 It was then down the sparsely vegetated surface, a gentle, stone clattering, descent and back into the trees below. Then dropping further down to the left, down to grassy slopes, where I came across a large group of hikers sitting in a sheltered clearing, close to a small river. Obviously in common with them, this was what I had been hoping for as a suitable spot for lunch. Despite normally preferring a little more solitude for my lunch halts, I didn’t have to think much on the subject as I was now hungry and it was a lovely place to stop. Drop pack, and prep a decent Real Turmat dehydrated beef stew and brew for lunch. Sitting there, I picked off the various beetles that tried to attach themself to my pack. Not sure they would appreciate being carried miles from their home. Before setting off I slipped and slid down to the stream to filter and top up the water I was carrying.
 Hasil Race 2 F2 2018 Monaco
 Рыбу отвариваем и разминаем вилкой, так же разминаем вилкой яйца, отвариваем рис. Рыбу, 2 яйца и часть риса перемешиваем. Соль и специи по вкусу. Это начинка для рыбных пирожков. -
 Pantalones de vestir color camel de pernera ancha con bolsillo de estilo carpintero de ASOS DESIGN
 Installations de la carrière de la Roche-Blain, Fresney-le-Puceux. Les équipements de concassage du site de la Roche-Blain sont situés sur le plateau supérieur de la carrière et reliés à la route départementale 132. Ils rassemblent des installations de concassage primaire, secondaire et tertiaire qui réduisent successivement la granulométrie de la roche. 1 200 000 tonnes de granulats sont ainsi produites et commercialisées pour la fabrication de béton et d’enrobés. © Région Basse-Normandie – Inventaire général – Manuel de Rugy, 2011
* * *
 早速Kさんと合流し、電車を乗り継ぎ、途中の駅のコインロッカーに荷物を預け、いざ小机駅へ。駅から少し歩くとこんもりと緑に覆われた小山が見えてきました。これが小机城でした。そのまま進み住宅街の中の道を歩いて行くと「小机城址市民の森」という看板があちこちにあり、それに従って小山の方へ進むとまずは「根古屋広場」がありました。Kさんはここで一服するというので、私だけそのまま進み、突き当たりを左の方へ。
...
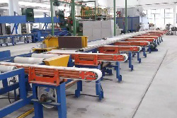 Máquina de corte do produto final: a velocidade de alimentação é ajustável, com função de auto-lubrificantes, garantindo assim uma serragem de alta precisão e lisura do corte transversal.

● WHAT TO PRODUCE:
Take the records above and return, word for word, only the lines that fall from the line with "Pantalones de vestir" to the line with "Installations de la", both of them included.

● REPLY TO THE EXERCISE:
 Pantalones de vestir color camel de pernera ancha con bolsillo de estilo carpintero de ASOS DESIGN
 Installations de la carrière de la Roche-Blain, Fresney-le-Puceux. Les équipements de concassage du site de la Roche-Blain sont situés sur le plateau supérieur de la carrière et reliés à la route départementale 132. Ils rassemblent des installations de concassage primaire, secondaire et tertiaire qui réduisent successivement la granulométrie de la roche. 1 200 000 tonnes de granulats sont ainsi produites et commercialisées pour la fabrication de béton et d’enrobés. © Région Basse-Normandie – Inventaire général – Manuel de Rugy, 2011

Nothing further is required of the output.